Stephenson Family Ties The Barn Burnt Down
And Now I See The Moon

I Remember

Hope is the thing with feathers
That perches in the soul
And sings the tune without the words
And never stops at all.
-Emily Dickinson

basket ball is over! Dang....they were just starting to really have fun!!!




Here are a few of the persistent perceptions of the proceedings of my mind about Young Womens:

I cannot recall giving any calling in my church more time, blood, sweat and figurative tears. (no real tears yet....but wait....Im wrong!!  I cry those happy tears that come when the Spirit whispers to us that we are on the right track)  I suppose I should be embarrassed to admit that I may have been a little less than diligent in past callings, but it's just the truth.  Never have I been more fully invested in anything- outside of the raising of my  family and kids.
When I allow myself to really contemplate the reasons for this intensity I feel in this calling, a few potent reasons come to mind:
* These girls and their peers are our future!!!  Its an over used cliche I know...but its true!!  Now that Im an old lady, I GET IT!!!
* I remember being a teen-ager.  Wasn't it just yesterday!? Im sure it was!!! Man is it tough!!  I do remember!!
* I remember that being a teenage girl is all about friends, being cool, and being talented. (having gifts) And...you needed to be respected in those facets of life.
* And to make matters worse, as a religious, Mormon girl, one has to try and be 'in' the world but not 'of ' the world.  Which makes one very peculiar!! The up-side to this  is truly knowing where you came from and knowing your divine heritage.  Knowing that you are literally a child of our Heavenly Father can truly sift out the trite and unimportant things in life.  It brings everything into focus!!
* I LOVE these girls!!!  I've known them now for 6 months, and I love them!! The Lord has opened my heart and has filled it with the wonders that each of these girls bring to the stage of life.  They are such a unique gaggle of girls.  But you know what else....they love each other as well.  They are a safe place to land for each other.  They have each others back!!! That is a wonderful thing to behold.
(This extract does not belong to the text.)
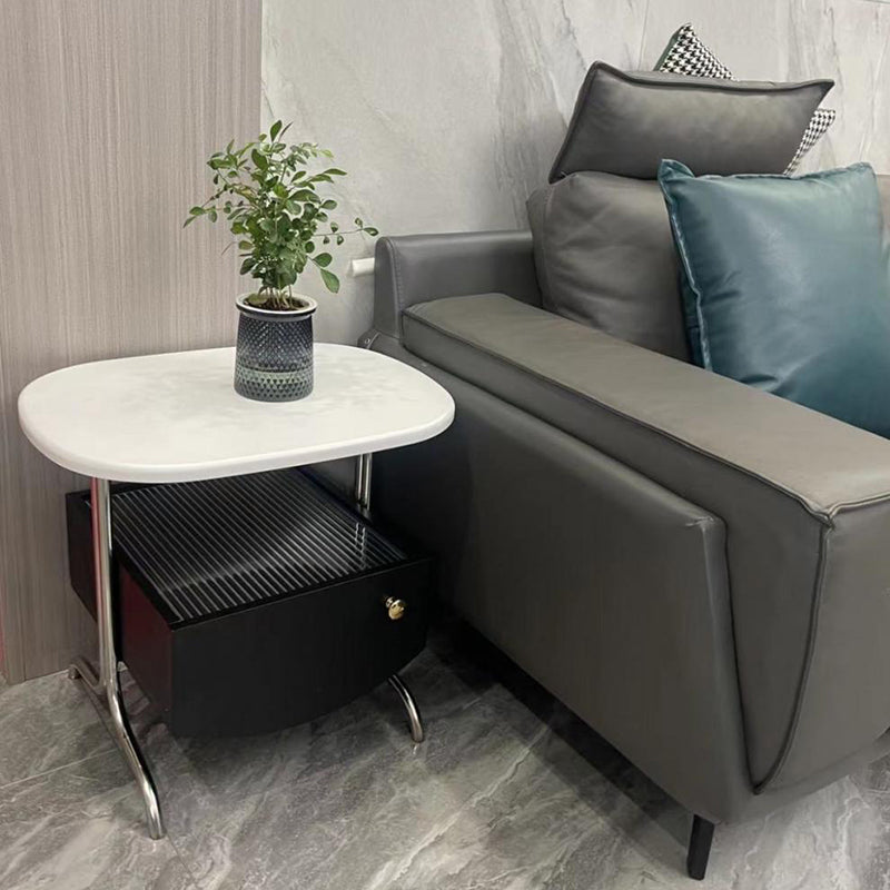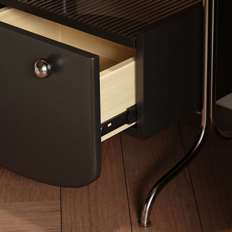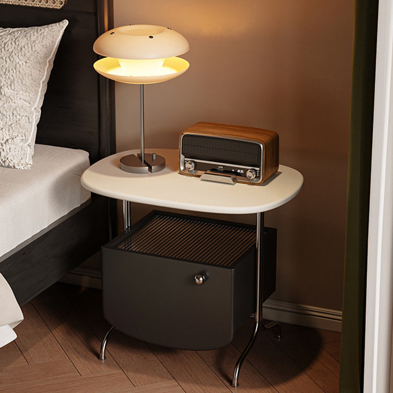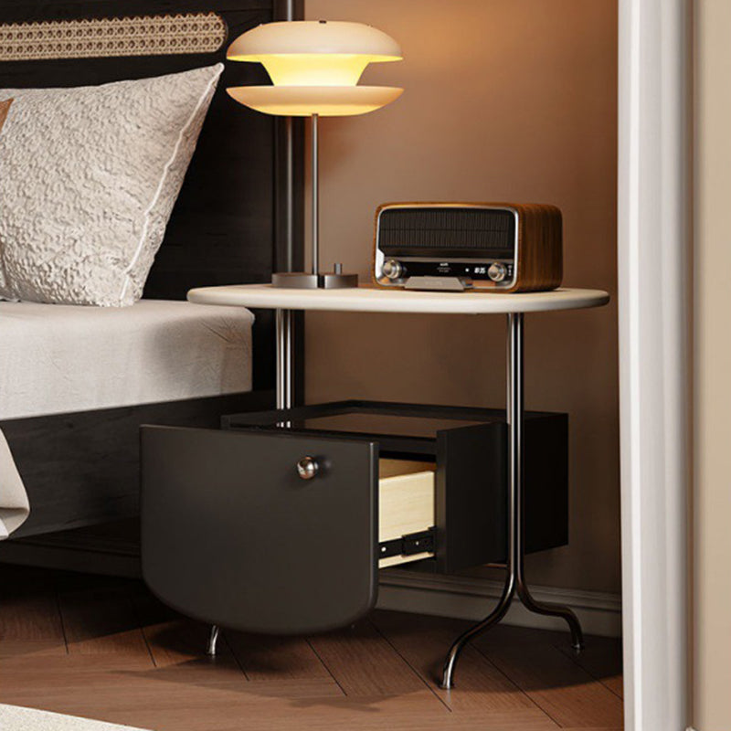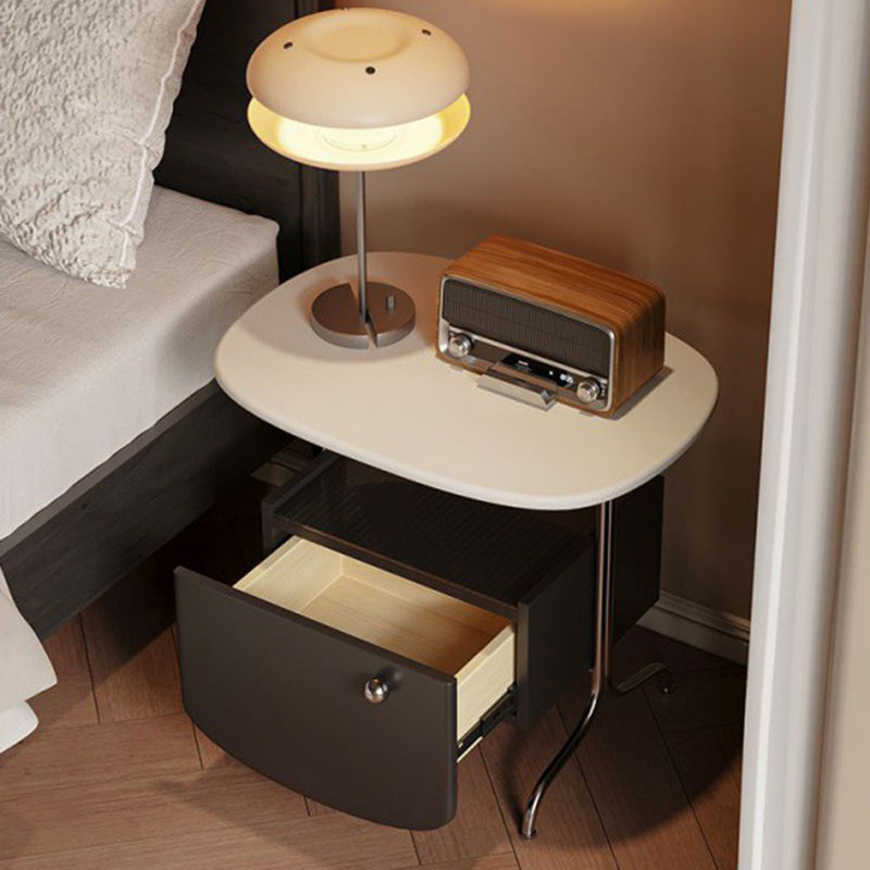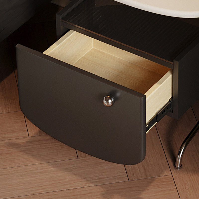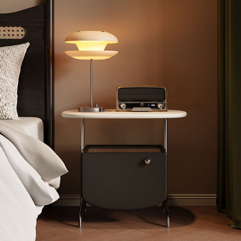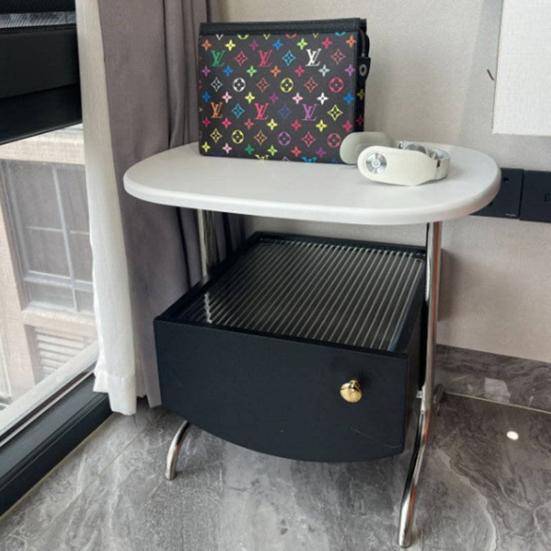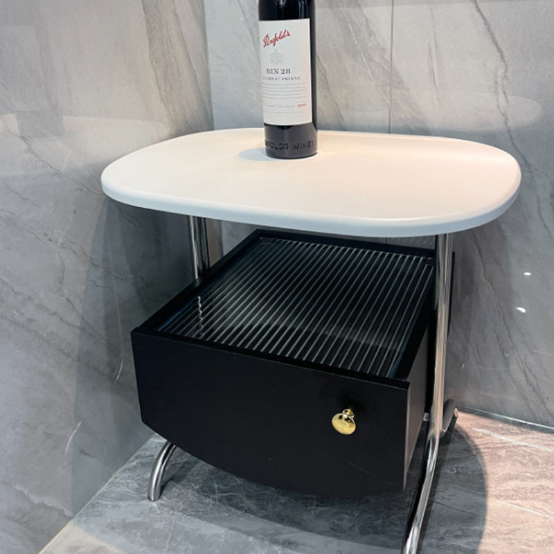 Modern Minimalist Oval Solid Wood Board Tabletop Glass Stainless Steel Nightstand 1-Drawer For Bedroom

And I get to see it at least once or twice a week!!!

6 months is  short time to admit  to you that I already feel these things about these girls.  I can now look at these pictures of just a few of our girls and I can tell you   that the Lord has definitely opened my heart and mind and has filled it with miraculous insights to the many gifts and abilities and  attributes  that each girl enjoys.  I have been blessed with the gift of discernment as far as these girls are concerned, and I feel the great responsibility!!!  My prayers are different now. I am more focused and I plead in earnest in their behalf.  And I plead for myself of course, that I may serve them well and to the best of my abilities. That is my hearts' desire...to help them and to guide them in anything they may need.
With all this added responsibility and concern also comes a greater satisfaction. (Isnt that what my mom always told me!!??)  My outright disbelief that a call such as this could be mine has now turned to feelings of intense gratitude and thanksgiving.
I feel so blessed!  (some time I will have to relate to you the miracle of 'my 'choice of counselors.)
I am so thankful!
I am humbled.
I am lucky!
And I look forward to each opportunity I get to spend with these fine young women.
They always make me smile.
I marvel at their strength  and knowledge and the testimonies they have of their purpose and in their Savior and His plan for us.
All I have to offer them is my complete and unconditional love; which will never fail them. I can promise them this!!!

2 comments:

Lisa said...

I knew you would feel this way, Cindy! I love how we get these tender mercies in our lives, just when we need them. Hooray! Enjoy this time and season...

Jared + Carly Reid said...

WOW, that was so powerful aunt cindy! you are an incredible woman and these girls are so lucky to have you as their leader! i loved reading this post because i remember posts months ago when you felt completely inadequate for this calling and............VOILA!!!!! look at you now :) heavenly father only gives things he knows you can handle and succeed at! love you!